Dataset records =>
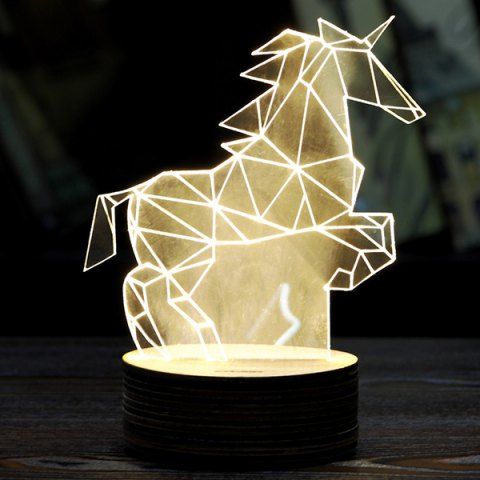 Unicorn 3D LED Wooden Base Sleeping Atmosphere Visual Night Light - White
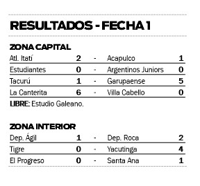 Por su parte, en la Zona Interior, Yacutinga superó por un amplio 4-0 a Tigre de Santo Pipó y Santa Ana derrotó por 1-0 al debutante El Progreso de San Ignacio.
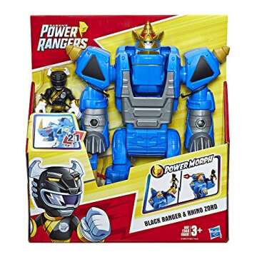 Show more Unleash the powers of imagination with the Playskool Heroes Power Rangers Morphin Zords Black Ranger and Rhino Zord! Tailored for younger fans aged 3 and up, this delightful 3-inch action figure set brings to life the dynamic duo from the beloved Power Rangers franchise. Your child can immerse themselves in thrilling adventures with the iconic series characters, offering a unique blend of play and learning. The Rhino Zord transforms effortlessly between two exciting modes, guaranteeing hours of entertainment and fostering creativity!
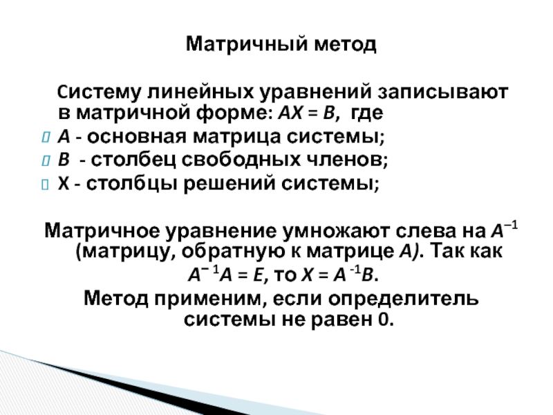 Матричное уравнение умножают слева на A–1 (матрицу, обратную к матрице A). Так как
* * *
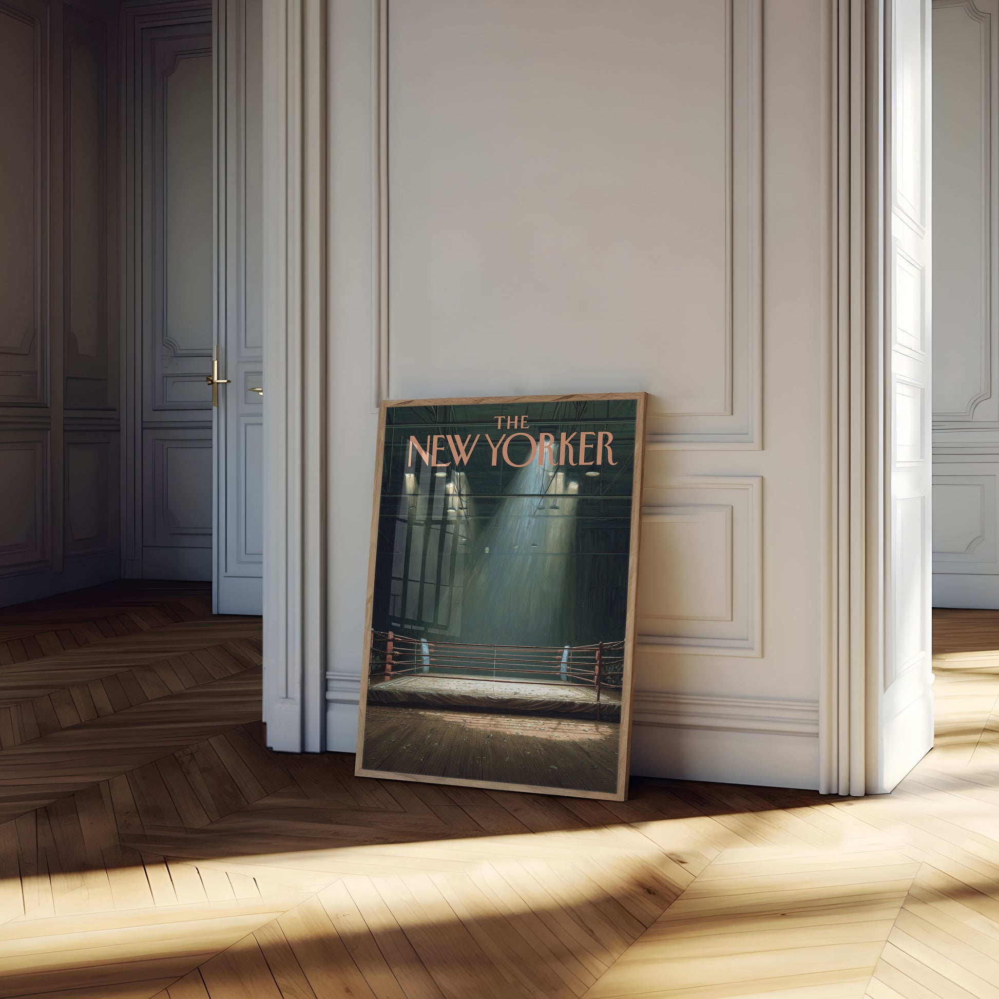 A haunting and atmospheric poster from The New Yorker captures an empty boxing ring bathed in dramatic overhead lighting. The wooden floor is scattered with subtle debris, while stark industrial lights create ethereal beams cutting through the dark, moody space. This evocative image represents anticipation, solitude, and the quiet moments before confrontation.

Task to carry out => For this exercise, reproduce exactly the lines of the records above from the one with "Unicorn 3D LED" up to and including the one with "Матричное уравнение умножают", without pictures.

Exercise result =>
 Unicorn 3D LED Wooden Base Sleeping Atmosphere Visual Night Light - White
 Por su parte, en la Zona Interior, Yacutinga superó por un amplio 4-0 a Tigre de Santo Pipó y Santa Ana derrotó por 1-0 al debutante El Progreso de San Ignacio.
 Show more Unleash the powers of imagination with the Playskool Heroes Power Rangers Morphin Zords Black Ranger and Rhino Zord! Tailored for younger fans aged 3 and up, this delightful 3-inch action figure set brings to life the dynamic duo from the beloved Power Rangers franchise. Your child can immerse themselves in thrilling adventures with the iconic series characters, offering a unique blend of play and learning. The Rhino Zord transforms effortlessly between two exciting modes, guaranteeing hours of entertainment and fostering creativity!
 Матричное уравнение умножают слева на A–1 (матрицу, обратную к матрице A). Так как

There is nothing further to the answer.